German philosopher and writer Fabian Scheidler, author of The End of the Megamachine (Icaria, 2024), warns that “artificial intelligence could be the greatest plunder in human history, turning humanity’s collective heritage of knowledge and creativity into a commodity in the hands of the ultra-rich. It gives the billionaires who control the algorithms and platforms unprecedented opportunities to influence public opinion through micro-segmentation and other methods, in order to manipulate political decision-making processes and further increase their wealth.”
A tool to reduce inequalities?
However, not everything on this matter suggests a dystopian scenario. Some researchers argue that, under certain conditions, artificial intelligence could be used to reduce inequalities. Researchers such as Rediet Abebe, Solon Barocas and Jon Kleinberg point out in Roles for Computing in Social Change that AI systems integrated into carefully designed public infrastructures can mitigate inequalities, provided that their incentives are aligned with redistributive and equity objectives.
There have already been experiences in public health, social risk prediction or improvement of access to education where open and auditable algorithms have reduced historical barriers to such services.
Artificial intelligence will not alone determine the future of social inequalities.
Of course, it will all depend on the political and cultural model that frames its deployment. Artificial intelligence will not alone determine the future of social inequalities. It will do so depending on how its development and application are governed by public or private interests, by redistributive or extractive logics. Much of its emancipatory or regressive potential lies in this political bifurcation.
Common good or a weapon of inequality?
As Mansilla points out: “AI will obviously push in the direction dictated by these interests: greater concentration of wealth, job polarization — precariousness for many, super-profits for a few — and commodified creativity.
If it were in the hands of another system — for example, one oriented towards commons — it could democratize access to knowledge, free up time for genuine social relationships, or enhance collective creativity. But under capitalism, it reproduces the same logic: technology as a weapon of inequality.”
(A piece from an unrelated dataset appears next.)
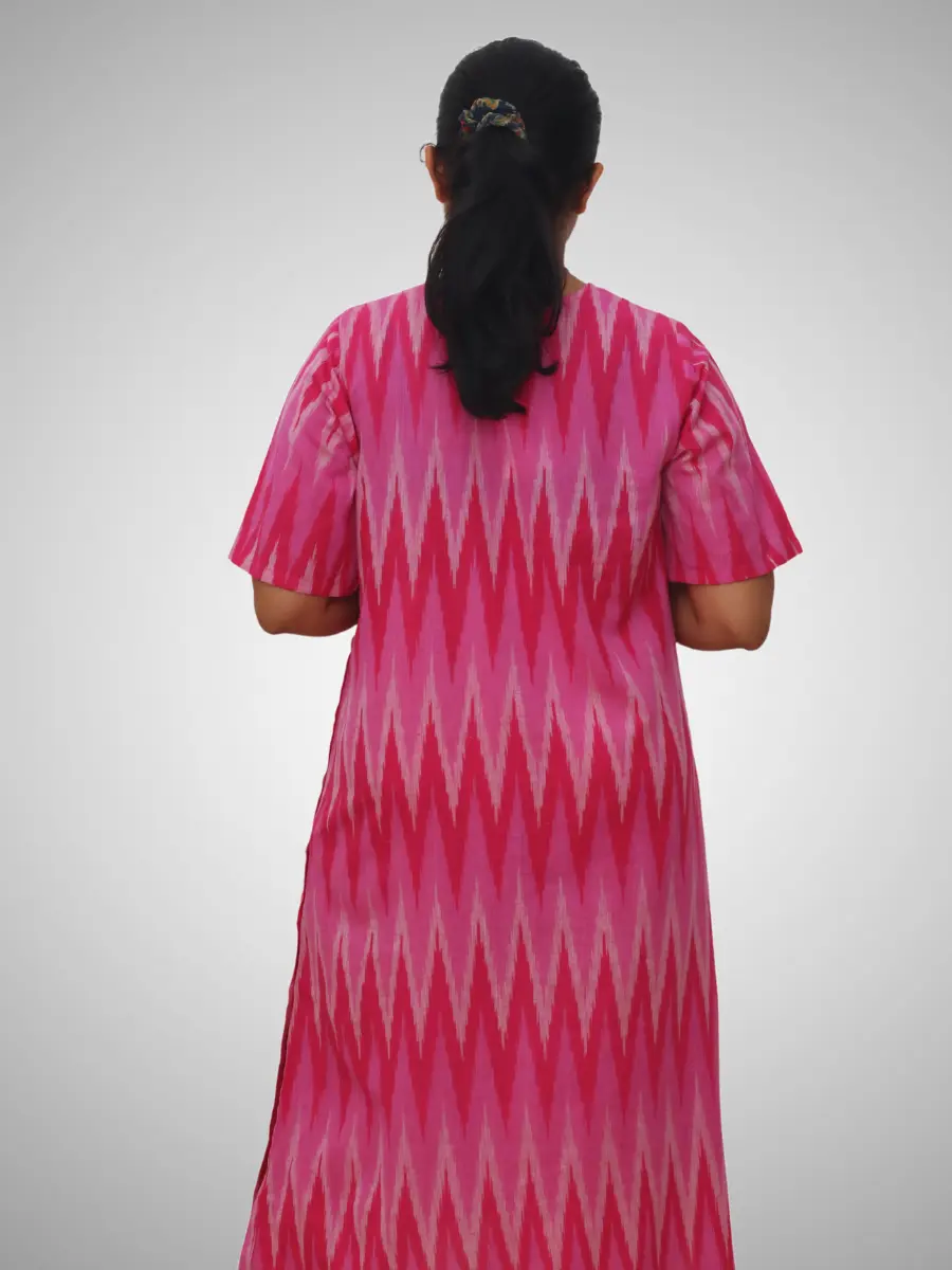 An Ikat long kurta is a traditional yet contemporary outfit crafted from handwoven Ikat fabric, featuring vibrant, blurred patterns. Its comfortable fit and elegant design make it ideal for casual, festive, or formal occasions.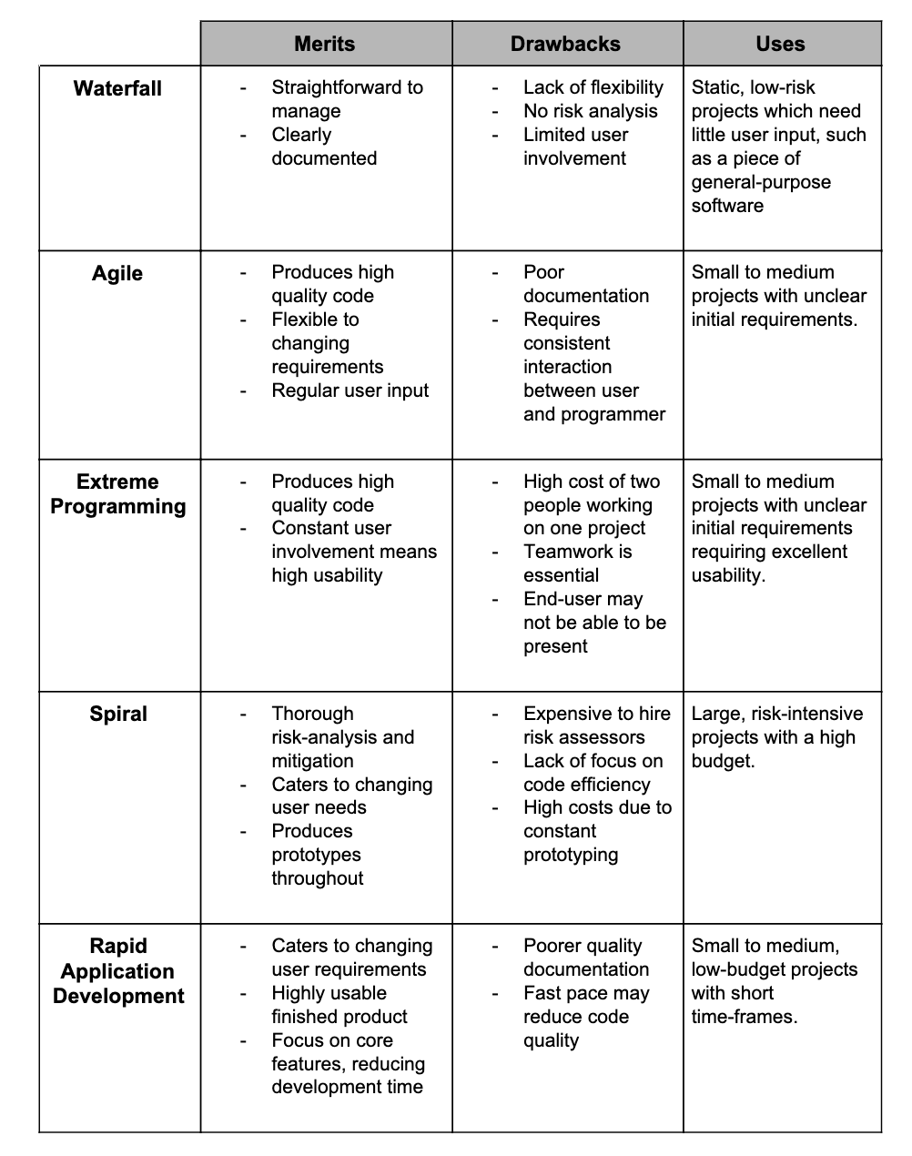 Similar to Agile, RAD makes use of prototyping and user feedback.

Finally, Scheidler adds an environmental dimension to the debate: “In its present form, artificial intelligence also accelerates the destruction of the biosphere, as it consumes an increasing share of the world’s energy production, making a rapid and sustainable transition to renewable energies unfeasible”.
Hegemonic artificial intelligence is not a flawless monolith.
Hegemonic artificial intelligence — the one that optimizes profits for Silicon Valley while making work precarious and commodifying even language — is not a flawless monolith. In its interstices grow practices that embody what Paolo Virno would call “the communism of intellectual capacities”: projects where technology disengages from private accumulation to become a common good.
These cracks are not technical alternatives, but spaces of political conflict — and the battle for value in the digital era is what matters most.